§ Directions for this task:
Using only the entries below, output the lines starting at the one containing "Mystical Victorian Lady" and ending at the one containing "Rainbocorns Mamacorn Surprise", exactly and inclusive of both, omitting the pictures.

§ Source data:

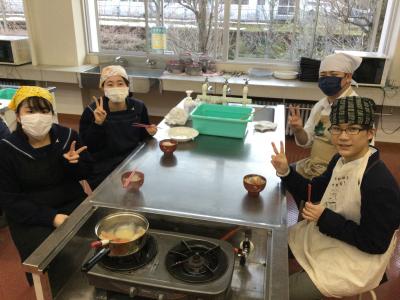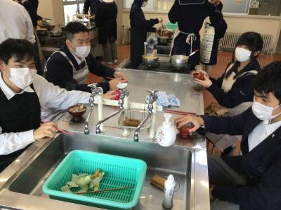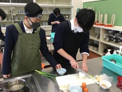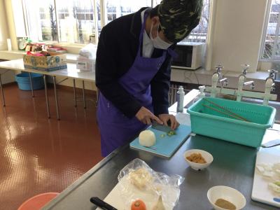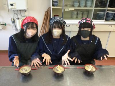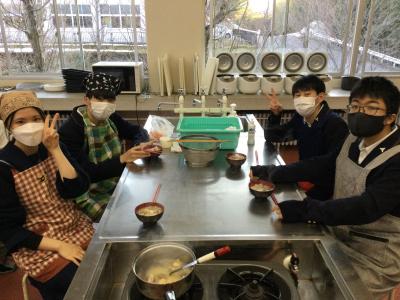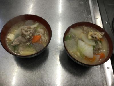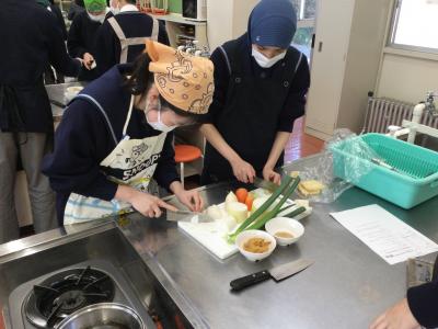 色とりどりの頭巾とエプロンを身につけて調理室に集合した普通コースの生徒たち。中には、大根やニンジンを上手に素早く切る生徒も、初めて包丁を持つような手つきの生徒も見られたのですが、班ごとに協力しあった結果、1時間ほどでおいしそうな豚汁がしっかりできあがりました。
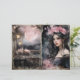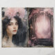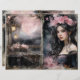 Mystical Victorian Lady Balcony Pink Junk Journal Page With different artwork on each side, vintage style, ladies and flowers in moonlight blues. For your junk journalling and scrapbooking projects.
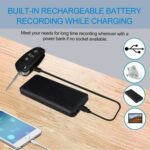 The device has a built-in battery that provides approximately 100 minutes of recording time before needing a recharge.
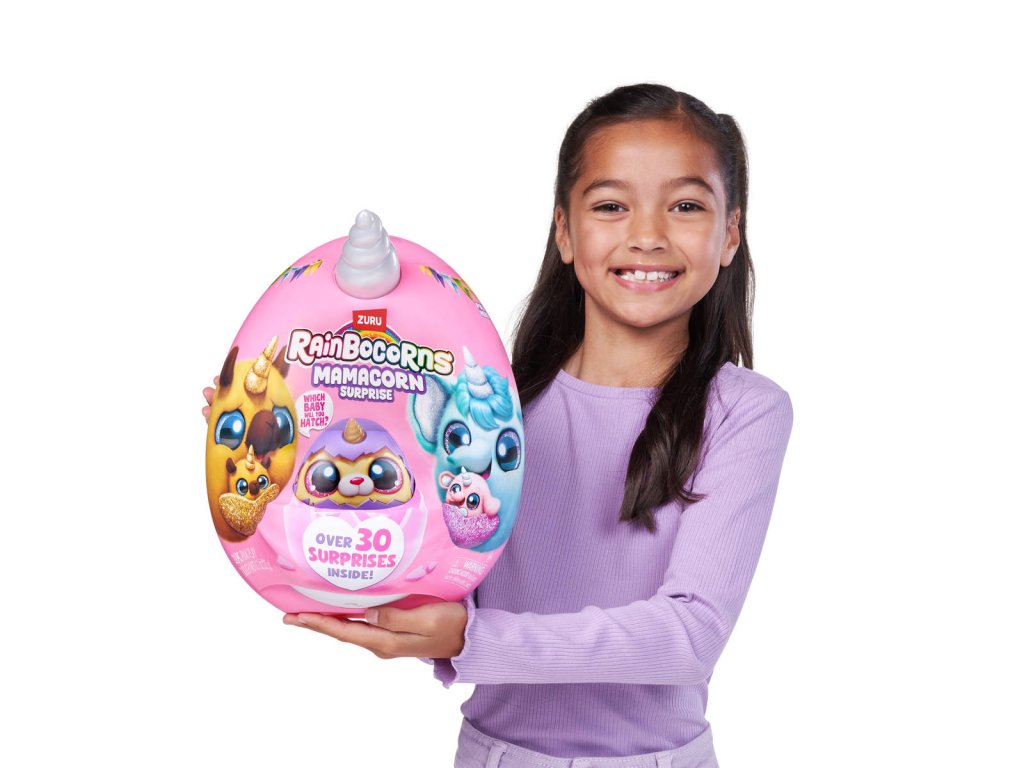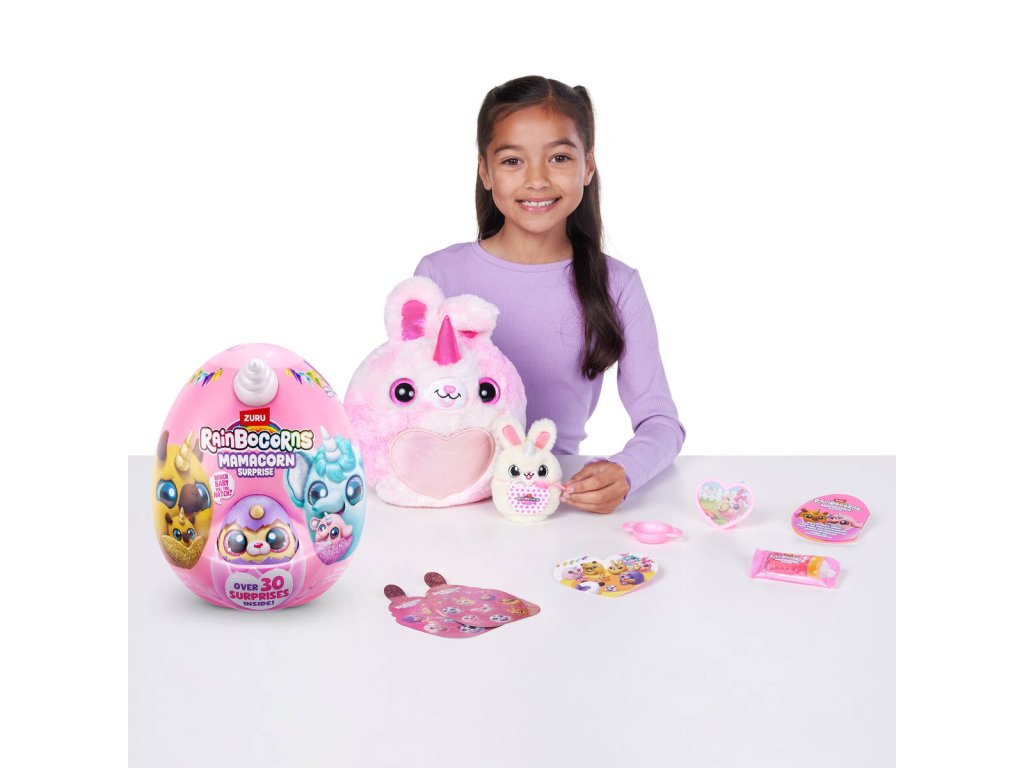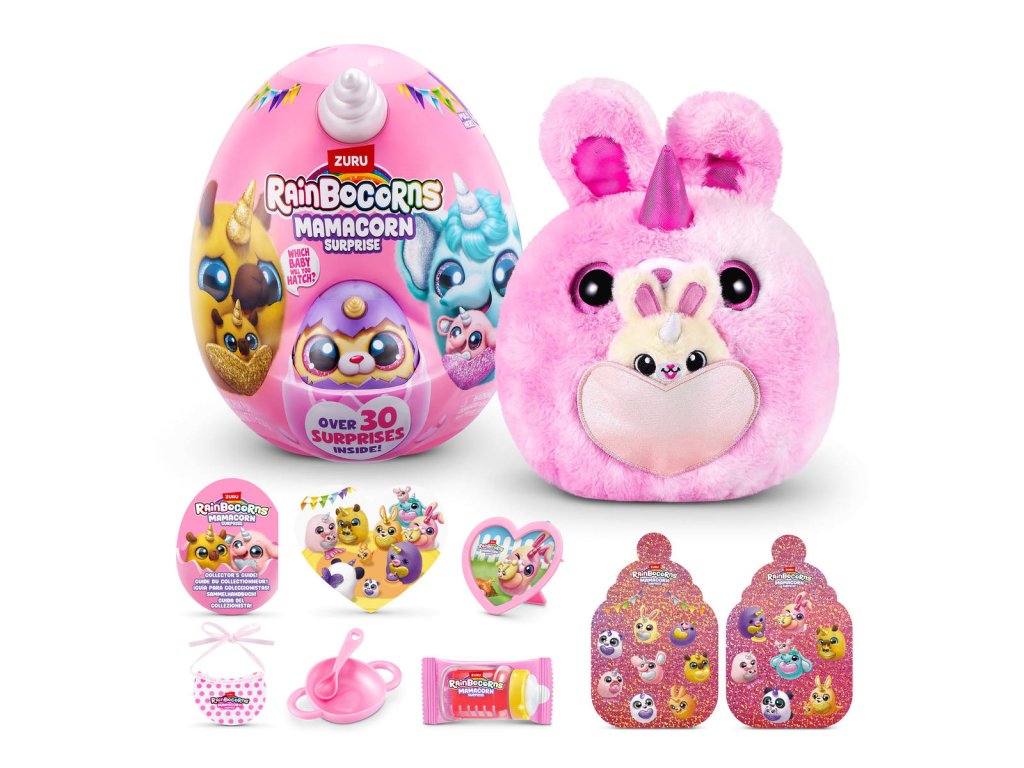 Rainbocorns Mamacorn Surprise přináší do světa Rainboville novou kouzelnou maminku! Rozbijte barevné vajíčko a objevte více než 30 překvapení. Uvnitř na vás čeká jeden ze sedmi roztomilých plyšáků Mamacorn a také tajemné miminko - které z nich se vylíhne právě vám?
==
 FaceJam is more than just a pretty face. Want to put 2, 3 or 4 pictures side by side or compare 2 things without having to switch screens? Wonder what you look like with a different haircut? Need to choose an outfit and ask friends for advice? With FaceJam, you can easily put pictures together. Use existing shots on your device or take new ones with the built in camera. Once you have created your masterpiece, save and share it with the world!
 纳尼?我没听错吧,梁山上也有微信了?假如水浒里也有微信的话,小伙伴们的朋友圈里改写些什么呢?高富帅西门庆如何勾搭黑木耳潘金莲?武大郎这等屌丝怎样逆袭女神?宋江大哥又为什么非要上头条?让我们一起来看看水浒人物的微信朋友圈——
--
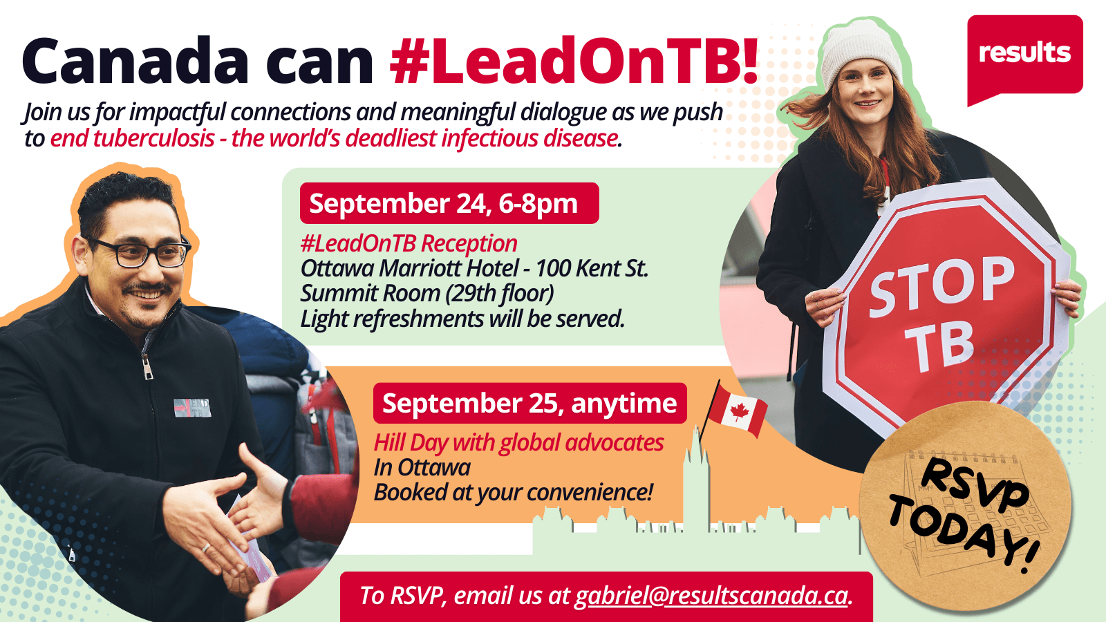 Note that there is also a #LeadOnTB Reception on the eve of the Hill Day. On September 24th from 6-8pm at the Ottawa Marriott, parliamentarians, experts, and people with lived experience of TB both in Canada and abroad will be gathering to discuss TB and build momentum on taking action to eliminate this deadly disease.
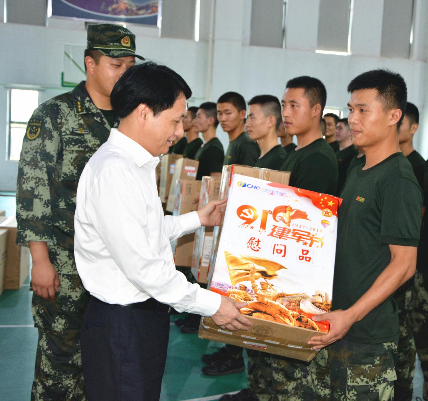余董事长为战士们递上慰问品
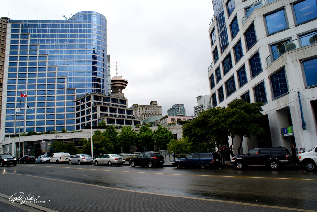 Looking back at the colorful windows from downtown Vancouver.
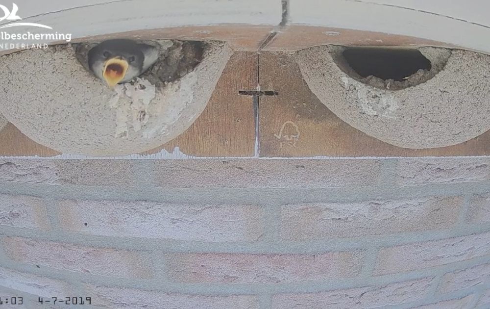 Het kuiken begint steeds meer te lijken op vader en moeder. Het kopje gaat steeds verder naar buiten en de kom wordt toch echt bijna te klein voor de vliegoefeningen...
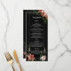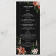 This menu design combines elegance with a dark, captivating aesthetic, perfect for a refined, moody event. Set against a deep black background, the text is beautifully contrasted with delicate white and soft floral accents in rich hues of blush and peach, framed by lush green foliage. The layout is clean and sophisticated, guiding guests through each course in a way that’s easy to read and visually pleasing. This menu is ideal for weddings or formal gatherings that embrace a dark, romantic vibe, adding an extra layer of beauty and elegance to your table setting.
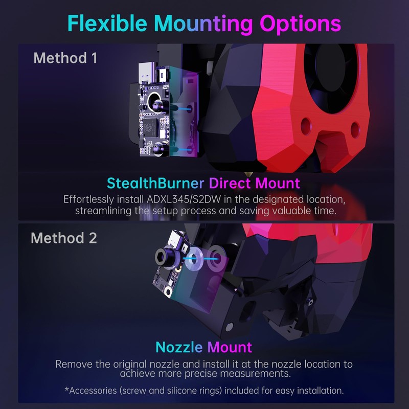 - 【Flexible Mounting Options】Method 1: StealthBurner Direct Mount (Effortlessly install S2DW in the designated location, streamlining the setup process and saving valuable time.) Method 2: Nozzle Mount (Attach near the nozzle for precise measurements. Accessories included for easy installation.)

§ Reply:
 Mystical Victorian Lady Balcony Pink Junk Journal Page With different artwork on each side, vintage style, ladies and flowers in moonlight blues. For your junk journalling and scrapbooking projects.
 The device has a built-in battery that provides approximately 100 minutes of recording time before needing a recharge.
 Rainbocorns Mamacorn Surprise přináší do světa Rainboville novou kouzelnou maminku! Rozbijte barevné vajíčko a objevte více než 30 překvapení. Uvnitř na vás čeká jeden ze sedmi roztomilých plyšáků Mamacorn a také tajemné miminko - které z nich se vylíhne právě vám?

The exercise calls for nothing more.